There is no magical age when comparing how many likes your photos get, or scrolling an endless stream of short videos when you should be sleeping, becomes good for you. Like any addictive consumer product that routinely exposes users to graphic sex, extreme violence, and anonymous sexual predators, social media in its current form causes a variety of harms to people of all ages. But we allow adults (often defined as age 18) to make decisions that are bad for them.

In The Anxious Generation, I proposed 16 as a pragmatic compromise—one aimed at shifting global norms quickly. I knew that advocating for 18 would likely take many years and risk total failure. Sixteen is also roughly the age by which a majority of adolescents have completed puberty: a sensitive period of neural reorganization during which it is extremely important to protect the brain.

The successes of the past few weeks are testaments to rapidly changing public knowledge and public sentiment.

France will impose its age limit at 15, and in my two conversations with President Emmanuel Macron, I came to understand why 15 is a culturally salient age in France. I support his decision to act decisively this year. Still, I urge countries that can enact 16 to do so. Each year of delay is a year of additional maturity and protection.

I cannot support any law that includes a “parental consent” exception—it defeats the central purpose of the law by dropping parents and children straight back into the same collective-action trap: “Please, Mom! All of my friends’ parents said yes!” I would rather see countries pass no law this year than a weak one with parental consent exemptions.

But I am confident that leaders understand this, and that they will move much more quickly and confidently in 2026 to pass minimum-age laws and other policies to protect children online.
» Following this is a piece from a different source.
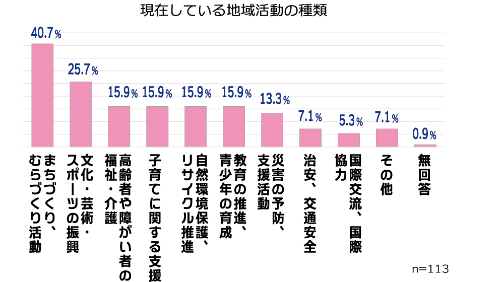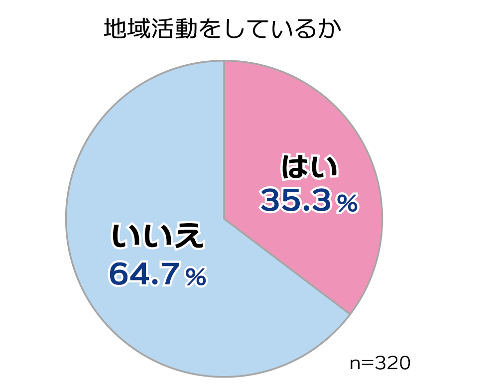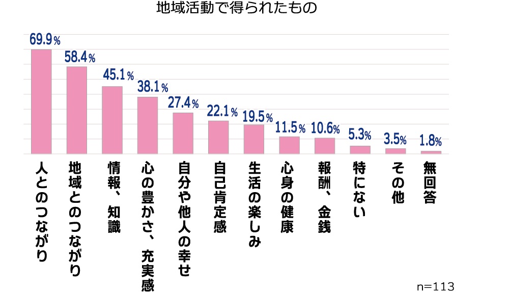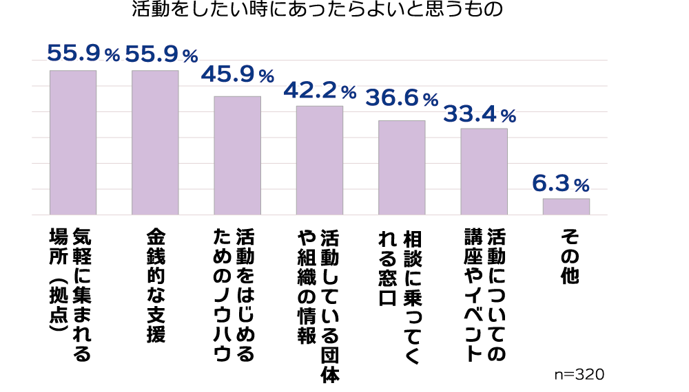 回答者のうち「地域活動をしている」と答えた割合は35.3%にとどまりました。行っている活動としては、「まちづくり、むらづくり活動」が最も多く、活動を通して得たものは「人とのつながり」が最も多く、次点で「地域とのつながり」となりました。あったら良いものは「気軽に集まれる場所」「金銭的な支援」が同列の55.9%で、場所とお金が課題のひとつになっていることがうかがえました。

So, bravo, Australia, France, Indonesia, Spain, and the Netherlands. And bravo to leaders in both major parties in the UK, and to leaders across the EU, who are likely to follow their lead.

The successes of the past few weeks are testaments to rapidly changing public knowledge and public sentiment. By this time next year this sentiment will be even stronger, and laws offering additional protections will be common. After all, now everyone knows that everyone knows that we can do this—and that we must.